While there have been a number of great Christmas movies made through the years, most of them have very little to do with Christmas.  Instead, they are merely set in part or in whole during the Christmas season. 

This year, though, we have a true Christmas movie with the release of "The Nativity Story," an instant classic.  The film works on every level, from its recreation of life in the Holy Land during the time of Christ to its inspirational performances to its high-quality production values. 

Best of all, the film is a reverent and almost flawlessly faithful adaptation of the biblical account of the birth of Christ.  It actually tells three stories -- the story of Mary and Joseph, the journey of the Three Wise Men to Bethlehem, and the scheming of wicked King Herod to identify and kill the coming Messiah as the time of His arrival nears. 

When the movie begins, Mary is being offered in an arranged marriage to Joseph, someone she does not love.  Since the Bible doesn't say how the betrothal came about, the filmmakers used dramatic license and relied upon the customs of that time to suppose how it might have happened. 

Certainly, arranged marriages were quite common back then, and may very well have been the vehicle that first brought Mary and Joseph together (though the film also depicts how Mary grows to truly love Joseph, as he does her). 

From this point forward, every major plotline in the Mary and Joseph story is based upon biblical revelation.  The film portrays them as the very young Jewish couple they were, living within a society entrenched in God's law, and it explores in very human terms the courage and sacrifice they exemplified -- and all they were willing to endure -- to obey God. 

Because Mary was pregnant before her marriage was consummated, the movie shows how she would have been shunned by many and the subject of continuing widespread gossip.  Similarly, Joseph's standing in the community was severely damaged by marrying a woman who was believed to have compromised her virtue. 

At the same time, "The Nativity Story" shows them in all of their uncertainty and doubt, such as when Mary questions why God would choose her to give birth to the Messiah. 
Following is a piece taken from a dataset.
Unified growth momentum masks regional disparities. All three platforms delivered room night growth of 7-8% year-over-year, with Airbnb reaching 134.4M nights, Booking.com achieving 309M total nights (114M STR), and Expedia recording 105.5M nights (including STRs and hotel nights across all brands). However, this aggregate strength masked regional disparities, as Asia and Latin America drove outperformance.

"I am nothing," she says, echoing her prayer in Luke 1 when she confessed her "lowly estate" before God and acknowledged her need as a sinner of a personal Savior as she "rejoiced in God my Savior."  Yet because of her suppliant acceptance of God's calling on her life as His "maidservant," she marvels that future generations would call her "blessed" [literally, "happy"]. 
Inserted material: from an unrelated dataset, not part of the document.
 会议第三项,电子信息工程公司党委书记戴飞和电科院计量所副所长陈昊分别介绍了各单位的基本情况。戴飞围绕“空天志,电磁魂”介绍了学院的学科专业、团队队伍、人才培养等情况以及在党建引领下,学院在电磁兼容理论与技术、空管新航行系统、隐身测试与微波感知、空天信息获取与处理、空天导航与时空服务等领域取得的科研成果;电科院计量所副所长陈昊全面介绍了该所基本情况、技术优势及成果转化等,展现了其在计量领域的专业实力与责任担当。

As for the Three Wise Men, we don't know for sure how many wise men there were, but tradition has placed the number at three because they brought three gifts.  However, we do know that they weren't present for the birth of Christ.  By the time they arrived, Jesus was already a "young Child" (not the "babe" of Lk. 1) and living in a house (Matt. 2:8, 11). 

The film, somewhat understandably, follows tradition and places them at the manger scene in Bethlehem.  It's a humorous and ultimately very moving storyline which starts at their home in the East, where through their study of astronomy they discover that the King of all kings will be born in Israel.  So they set out on their journey to pay Him homage. 

The film's three storylines interconnect in the end at the manger scene, which the movie accurately portrays as being little more than a cave filled with animals.  As one wise man comments, the scene was an inexpressibly humble way for the glorious Son of God to enter the world. 

The wise men follow the Star to Bethlehem and worship the Child as "God in human flesh," laying before Him their gifts of gold (representing His Kingship), frankincense (a temple incense representing His role as our High Priest in heaven and as such the sole Mediator between God and men), and myrrh (an embalming ointment). 

As the third wise man lays the myrrh before Him, he explains: "For the sacrifice."  In so doing, he reveals the very purpose of and reason for the nativity.